Maximum Length of Command Line String

As @Sugrue I'm also digging out an old thread.

To explain why there is 32768 (I think it should be 32767, but lets believe experimental testing result) characters limitation we need to dig into Windows API.

No matter how you launch program with command line arguments it goes to ShellExecute, CreateProcess or any extended their version. These APIs basically wrap other NT level API that are not officially documented. As far as I know these calls wrap NtCreateProcess, which requires OBJECT_ATTRIBUTES structure as a parameter, to create that structure InitializeObjectAttributes is used. In this place we see UNICODE_STRING. So now lets take a look into this structure:

typedef struct _UNICODE_STRING {
    USHORT Length;
    USHORT MaximumLength;
    PWSTR  Buffer;
} UNICODE_STRING;

It uses USHORT (16-bit length [0; 65535]) variable to store length. And according this, length indicates size in bytes, not characters. So we have: 65535 / 2 = 32767 (because WCHAR is 2 bytes long).

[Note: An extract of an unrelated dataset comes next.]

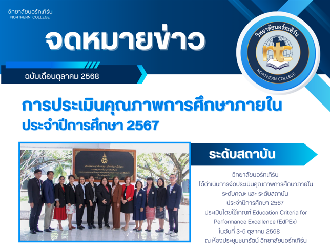 วิทยาลัยนอร์ทเทิร์น ได้ดำเนินการจัดประเมินคุณภาพการศึกษาภายายในระดับคณะ และ ระดับสถาบัน ประจำปีการศึกษา 2567ประเมินโดยใช้เกณฑ์ Education Criteria for Performance Excellence (EdPEx)ในวันที่ 3-5 ตุลาคม 2568ณ ห้องประชุมชนารัตน์ วิทยาลัยนอร์ทเทิร์นโดยมีคณะที่ได้รับการตรวจประเมินฯ จำนวน 5 คณะ ได้แก่ คณะพยาบาบาลศาสตร์คณะศึกษาศาสตร์ คณะบริหารธุรกิจ คณะนิติศาสตร์และรัฐศาสตร์และคณะสหเวชศาสตร์ วิทยาศาสตร์ และเทคโนโลยี
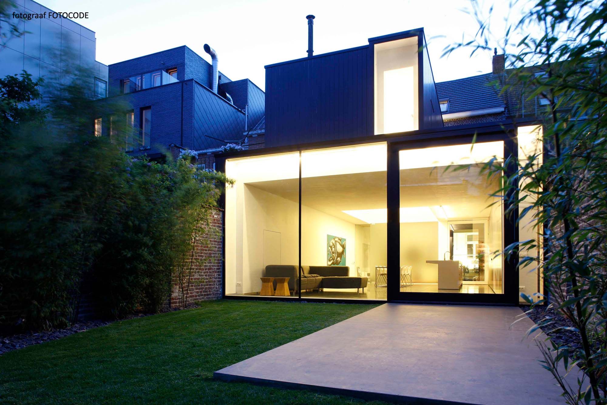 Le projet concerne la transformation profonde d’une maison de maître du 19e siècle. Alors que la façade imposante de la maison garde son cachet authentique plutôt secret, la partie arrière contraste par ses espaces d’habitation particulièrement aérés et clairs. Le grand espace libre, le patio, les larges verrières, la lumière zénithale et les perspectives variées créent un espace à l’ambiance captivante. La fenêtre sur la largeur totale de la pièce, projette véritablement le jardin à l’intérieur de la maison. Le choix s’est porté sur une structure principale en acier dans le but de disposer d’un plan ouvert. Des colonnes, cachées dans une contre-cloison et dans une armoire multifonctionnelle, ont ainsi été érigées le long des deux murs communs. Les poutres en acier ont été intégrées dans l’épaisseur des hourdis afin d’éviter leur affaissement. Comme pour l’essentiel l’acier a été rendu invisible, il ne constitue pas un élément visuel frappant ; seul le puzzle raffiné d’éléments en acier pimente cette sobre architecture. Rien de spectaculaire donc, mais de l’efficacité.

There are a few steps to dig into this number, but I hope it is clear.


Also, to support @sunetos answer what is accepted. 8191 is a maximum number allowed to be entered into cmd.exe, if you exceed this limit, The input line is too long. error is generated. So, answer is correct despite the fact that cmd.exe is not the only way to pass arguments for new process.


Sorry for digging out an old thread, but I think sunetos' answer isn't correct (or isn't the full answer). I've done some experiments (using ProcessStartInfo in c#) and it seems that the 'arguments' string for a commandline command is limited to 2048 characters in XP and 32768 characters in Win7. I'm not sure what the 8191 limit refers to, but I haven't found any evidence of it yet.


From the Microsoft documentation: Command prompt (Cmd. exe) command-line string limitation

On computers running Microsoft Windows XP or later, the maximum length of the string that you can use at the command prompt is 8191 characters.